__TASK DETAILS__.
A faithful, word-for-word copy of the data below is required, without pictures.

__DATASET SECTION__.
--- --- ---

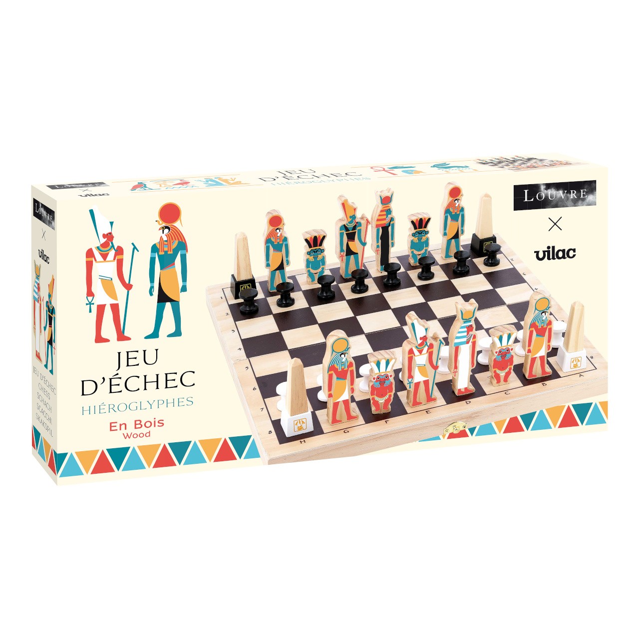 Máte zálibu ve starověkém Egyptě? Vyzkoušejte šachy s figurkami v podobě starověkých artefaktů a ikon inspirovaných expozicí egyptských památek muzea Louvre. Atraktivní zpracování zaujme a upoutá pozornost, kterou můžete zábavně zúročit, rozvíjet soustředění a strategické myšlení. Souprava se stane nepřehlédnutelnou ozdobou poliček a stolků v dětských pokojích, klubovnách a hernách. Hrací plocha je skládací, hru proto lze prakticky uklidit a může Vás provázet na cestách. Hlavní vlastnosti:hrací deska a 32 figurekpraktické a skladné baleníjedinečný design a zpracování
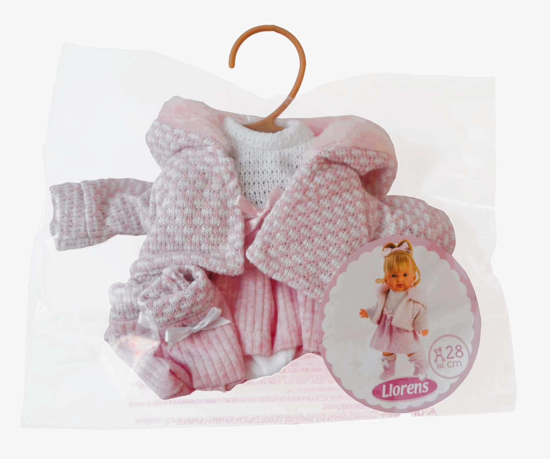 A stylish 4-piece outfit for a 28 cm Llorens doll will delight every little caregiver. Handmade in Spain with an emphasis on quality and detail, delivered in a practical hanger bag. An ideal accessory to expand a doll’s wardrobe and support creative play and fine motor skills.
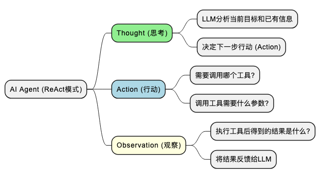 Agent的核心循环(ReAct模式:Reason + Act)如下:
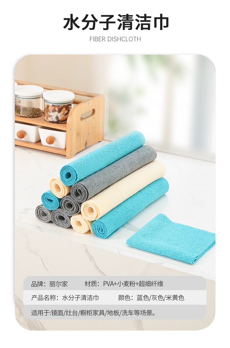Lier's water molecule rag has strong water absorption for dishwashing and does not shed lint. It is suitable for mirror cleaning. Multifunctional cleaning cloth. Blue 17*17CM (9 packs)

--- --- ---

__SOLVED EXERCISE__.
 Máte zálibu ve starověkém Egyptě? Vyzkoušejte šachy s figurkami v podobě starověkých artefaktů a ikon inspirovaných expozicí egyptských památek muzea Louvre. Atraktivní zpracování zaujme a upoutá pozornost, kterou můžete zábavně zúročit, rozvíjet soustředění a strategické myšlení. Souprava se stane nepřehlédnutelnou ozdobou poliček a stolků v dětských pokojích, klubovnách a hernách. Hrací plocha je skládací, hru proto lze prakticky uklidit a může Vás provázet na cestách. Hlavní vlastnosti:hrací deska a 32 figurekpraktické a skladné baleníjedinečný design a zpracování
 A stylish 4-piece outfit for a 28 cm Llorens doll will delight every little caregiver. Handmade in Spain with an emphasis on quality and detail, delivered in a practical hanger bag. An ideal accessory to expand a doll’s wardrobe and support creative play and fine motor skills.
 Agent的核心循环(ReAct模式:Reason + Act)如下:
Lier's water molecule rag has strong water absorption for dishwashing and does not shed lint. It is suitable for mirror cleaning. Multifunctional cleaning cloth. Blue 17*17CM (9 packs)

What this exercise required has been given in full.